For the same speaker continued talking, but now he assumed the delicate, remembered, intonations of the day before.
‘At last!’ fluted Tomasso d’Astibar bar Sandre. ‘We feared dreadfully that you’d all contrived to lose yourselves in these dusty recesses, never to be found again!’
‘No such luck, brother,’ a voice growled in reply. ‘Though after eighteen years it wouldn’t have been surprising. I need two glasses of wine very badly. Sitting still for that kind of music all morning is cursed thirsty work.’
In the closet Devin and Catriana clung to each other, sharing a breathless laughter. Then a newer urgency came over Devin, and it seemed to him it was in her as well, and there was suddenly nothing in the peninsula that mattered half so much as the gradually accelerating rhythm of the movements they made together.
Devin felt her fingernails splay outwards on his back. Feeling his climax gathering he cupped his hands beneath her; she lifted her legs and wrapped them around him. A moment later her teeth sank into his shoulder a second time and in that moment he felt himself explode, silently, into her.
For an unmeasured, enervated space of time they remained like that, their clothing damp where it had been crushed against skin. To Devin the voices from the two rooms outside seemed to come from infinitely far away. From other worlds entirely. He really didn’t want to move at all.
At length however, Catriana carefully lowered her legs to the ground to bear her own weight. He traced her cheekbones with a finger in the blackness.
Behind him the lords and merchants of Astibar were still shuffling past the body of the Duke so many had hated and some few had loved. To Devin’s left the younger generation of the Sandreni ate and drank, toasting an end to exile. Devin, wrapped close with Catriana, still sheathed within her warmth, could not have hoped to find words to say what he was feeling.

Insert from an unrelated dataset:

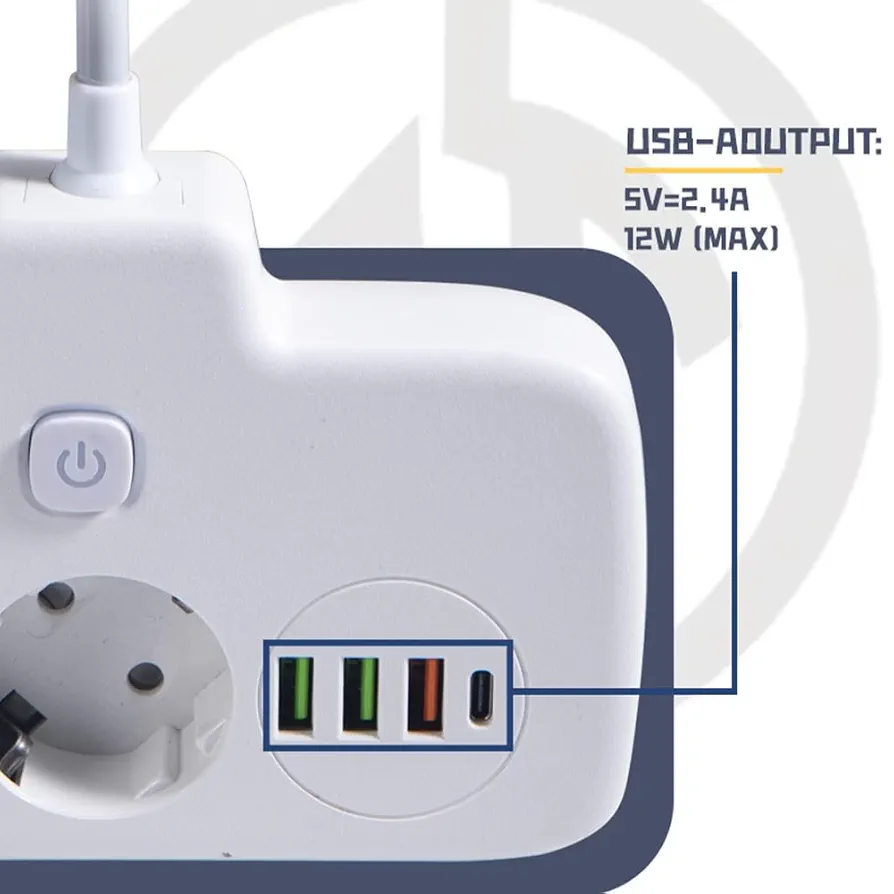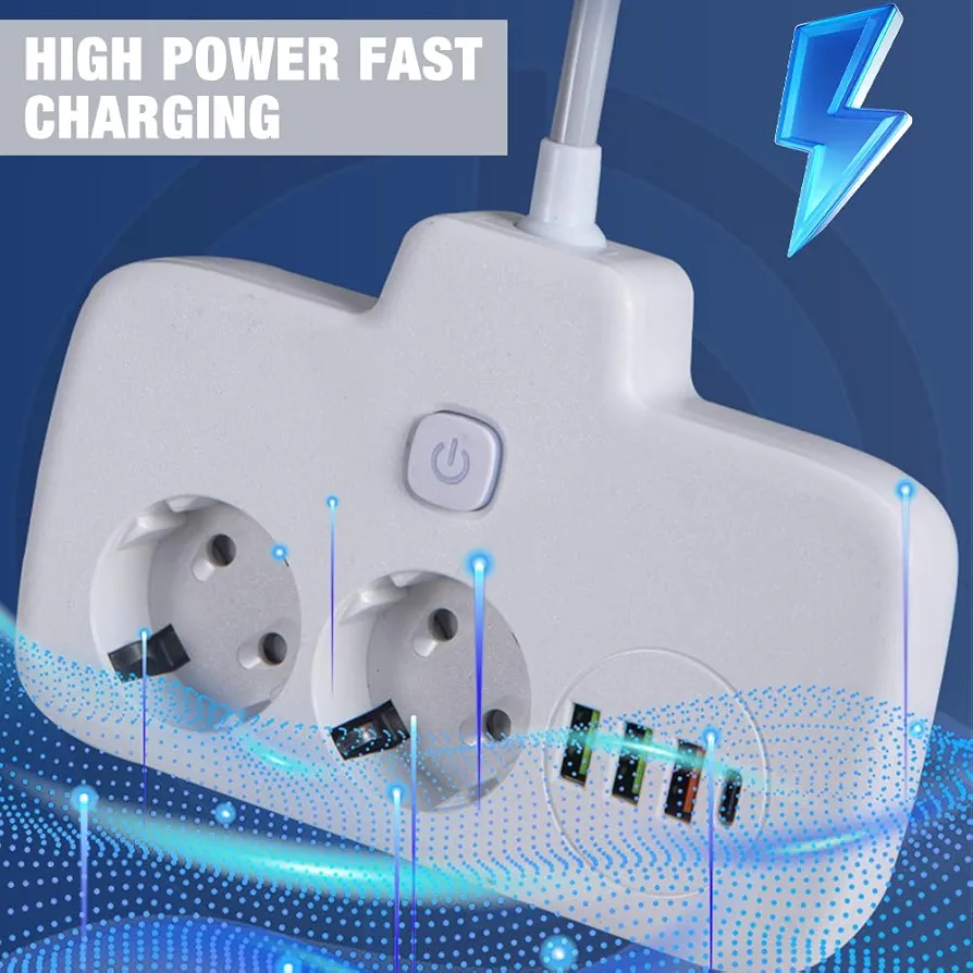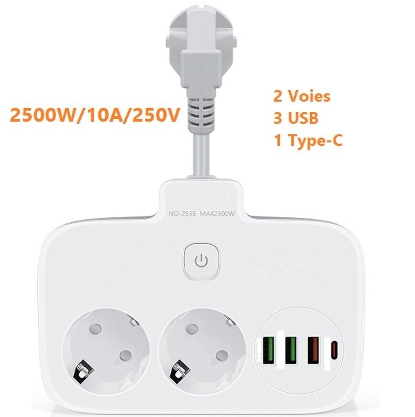 Fonction puissante:Multiprise à 2 prises avec 3 ports USB : 2 500 W (max) ; tension de fonctionnement : 250 V ; Alimentation : 10 A USB C peut charger rapidement jusqu’à 3 A, assurant une charge sûre et rapide de plusieurs appareils.

Suddenly she seized one of his tracing fingers and bit it, hard. He winced, because it hurt. She didn’t say anything though.
AFTER THE SANDRENI LEFT, Catriana found the latch and they slipped out into the room again. Quickly they reorganized their clothes. Pausing only long enough to seize a chicken-wing apiece, they hastily retraced their path back through the rooms leading to the stairway. They met three liveried servants coming the other way and Devin, feeling exceptionally alert and alive now, claimed Catriana’s fingers and winked at the servants as they passed.
She withdrew her hand a moment later.
He glanced over. ‘What’s wrong?’
She shrugged. ‘I’d as soon it wasn’t proclaimed throughout the Sandreni Palace and beyond,’ she murmured, looking straight ahead.
Devin lifted his eyebrows. ‘What would you rather they thought about us being upstairs? I just gave them the obvious, boring explanation. They won’t even bother to talk about it. This sort of thing happens all the time.’
‘Not to me,’ said Catriana quietly.
‘I didn’t mean it that way!’ Devin protested, taken aback. But unfortunately they were going down the stairs by then, and so it was with a quite unexpected sense of estrangement that he paused to let her re-enter the room before him.
More than a little confused, he took his place behind Menico as they prepared to go back out into the courtyard.
He had only a minor supporting role in the first two hymns and so he found his thoughts wandering back over the scene just played out upstairs. Back, and then back again, with the memory that seemed to be his birthright focusing like a beam of sunlight upon one detail then another, illuminating and revealing what he had missed the first time around.